Skłodowska-Curie was the first person to win or share
two Nobel Prizes. She is one of only two people who have been awarded a
Nobel Prize in two different fields, the other being
Linus Pauling (Chemistry, Peace). She remains the only woman to have won two Nobel Prizes, and the only person to have won Nobel Prizes in two different
science fields. Nevertheless, the
French Academy of Sciences refused to abandon its prejudice against women, and she failed by one vote to be elected to membership. (Pierre had been elected to the Academy in 1905.)
On
April 19, 1906, Pierre was killed in a street accident as he was leaving a publishers office. He had gone there to review proofs of an article, and found the business closed due to a strike. Heading back across the street in heavy rain, he was struck by a horse-drawn vehicle and fell under its wheels, fracturing his skull. While it has been speculated that he may previously have been weakened by prolonged radiation exposure, it has not been proven that this was the cause of the accident. Marie was devastated by her husband's death and may subsequently have had an affair with physicist
Paul Langevin — a married man who had left his wife — which resulted in a press scandal, exploited by her academic opponents. Despite her fame as a scientist working for France, the public's attitude to the scandal tended toward
xenophobia.
Langevin's grandson Michel Langevin later married Skłodowska-Curie's granddaughter,
Hélène Joliot.
During
World War I, Skłodowska-Curie pushed for the use of mobile
radiography units, which came to be popularly known as
petites Curies ("Little Curies"), for the treatment of wounded soldiers. These units were powered using tubes of
radium emanation, a colorless, radioactive gas given off by radium, later identified as
radon. Skłodowska-Curie personally provided the tubes, derived from the radium she purified. Also, promptly after the war started, she donated her and her husband's gold
Nobel Prize medals for the war effort.
After World War I, in 1921 and again in 1929, Skłodowska-Curie toured the
United States, where she was welcomed triumphantly, to raise funds for research on radium. These distractions from her scientific labors, and the attendant publicity, caused her much discomfort but provided resources for her work. Her second American tour succeeded in equipping the Warsaw Radium Institute, founded in 1925, with her sister Bronisława as director.

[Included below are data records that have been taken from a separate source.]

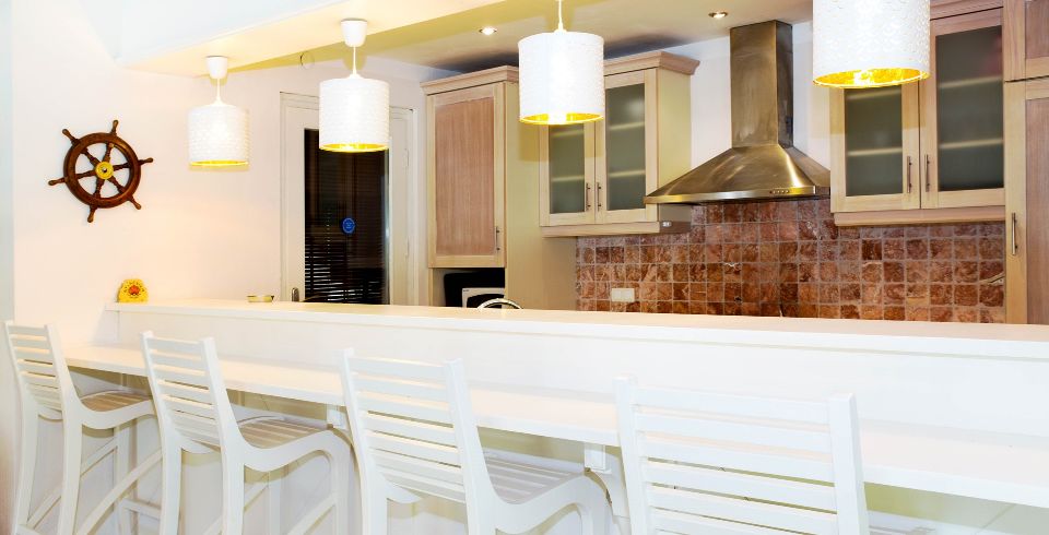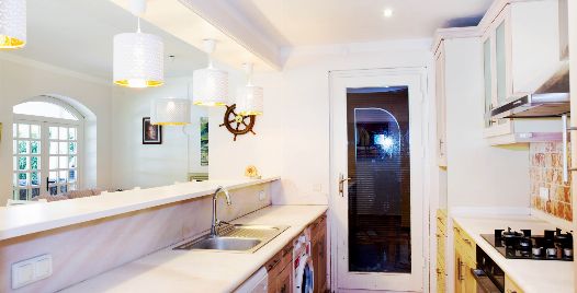 Mutfak : Amerikan mutfakta buz dolabı, bulaşık makinesi, fırın, mikrodalga fırın, 4’lü ocak (ankastre), elektrikli su ısıtıcı, 8 kişilik yemek takımları, çatal ve bıçak takımları, tencere ve tava takımları, bardaklar bulunmaktadır.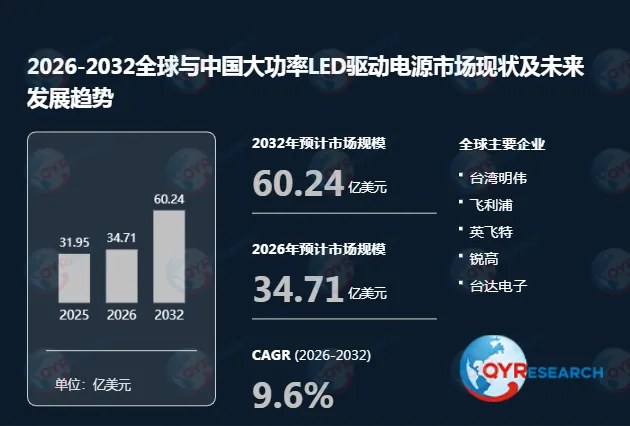 根据QYR(恒州博智)的统计及预测,2025年全球大功率LED驱动电源市场销售额达到了31.95亿美元,预计2032年将达到60.24亿美元,年复合增长率(CAGR)为9.6%(2026-2032)。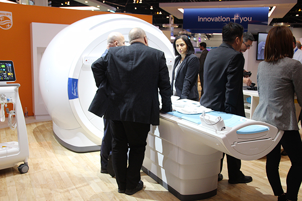 In-Bore Experienceとともに展示された1.5T MRIシステム「Prodiva 1.5T CX」
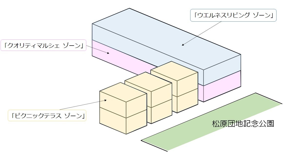 本施設は近接する公園に開かれ心地よいテラスのある「ピクニックテラスゾーン」をはじめ、食をメインとした「クオリティマルシェゾーン」、生活を豊かにする「ウエルネスリビングゾーン」の3つのゾーンで構成し、心地よい暮らしを訴求します。
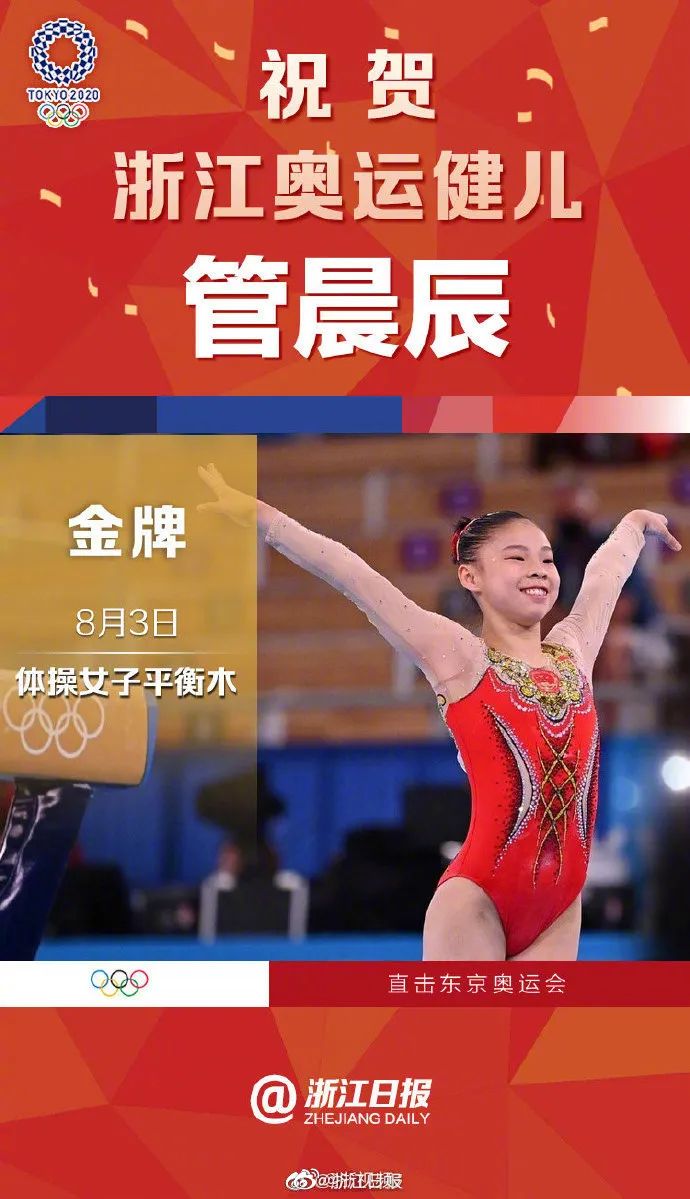 杭州日报综合 8月3日,东京奥运会体操赛场,浙江小将管晨辰女子平衡木金牌,浙江省委省政府发出贺电表示热烈祝贺。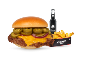 • Burger mit paniertem Hähnchenbrustfilet, Gurken, Salat, roten Zwiebeln, Jalapenos, Boss-Spezialsauce und Salsasauce • 1 Beilage nach Wahl • 1 alkoholfreies Getränk 0,33l nach Wahl zzgl. Pfand

In her later years, Skłodowska-Curie headed the
Pasteur Institute and a radioactivity laboratory created for her by the
University of Paris.
Her death near
Sallanches, Savoy, in 1934 was from
aplastic anemia, almost certainly due to exposure to radiation, as the damaging effects of
ionising radiation were not yet known, and much of her work had been carried out in a shed with no safety measures. She had carried test tubes containing radioactive isotopes in her pocket and stored them in her desk drawer, remarking on the pretty blue-green light the substances gave off in the dark.
She was interred at the cemetery in
Sceaux, where Pierre lay, but sixty years later, in 1995, in honor of their work, the remains of both were transferred to the
Panthéon in
Paris.
The Curies' elder daughter,
Irène Joliot-Curie, won a
Nobel Prize for Chemistry in 1935 for discovering that aluminium could be radioactive and emit neutrons when bombarded with alpha rays. The younger daughter,
Ève Curie, wrote the biography,
Madame Curie, after her mother's death.